Time-scale mechanical behaviors of locust semi-lunar process cuticles under power amplification for rapid movements.

The semi-lunar process (SLP) is a key component in the power amplification of locusts to achieve rapid movements. Its mechanical properties determine the amount of the power amplification and the subsequent locomotion performance. As previously reported, the SLP cuticle endures physiological dynamic loadings. However, the time-scale mechanical properties of the SLP are still unknown, especially under stress relaxation and cyclic loadings. In this paper, the SLP cuticles of adult desert locusts (Schistocerca gregaria) were studied using stress relaxation and cyclic tests, with loadings corresponding to the physiological loading conditions of the power amplification. The SLP cuticle was found to show pronounced stress relaxation behavior with the resultant force and an evident time shift between the maximal displacement and the maximal resultant force. The number of loading cycles before mechanical failure (life cycle number) increases when the SLP cuticle is cyclically loaded by a lower stress level.

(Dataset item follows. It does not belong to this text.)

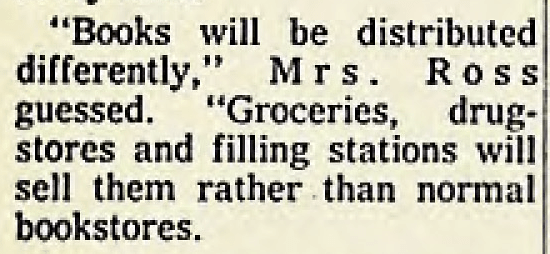 But it was Mrs. Ross’ comment about books being sold in groceries, drugstores, and filling stations.

Moreover, the failure strength of the SLP at low cycles equals the physiological stress level in the power amplification, implying that the healing of the cuticle might contribute to the successful performance of numerous jumps in the course of the adult locust life. This study not only deepens our understanding of the power amplification mechanism of locust locomotion but also provides valuable knowledge for the design optimization of bioinspired jumping robots and elastic energy storage devices.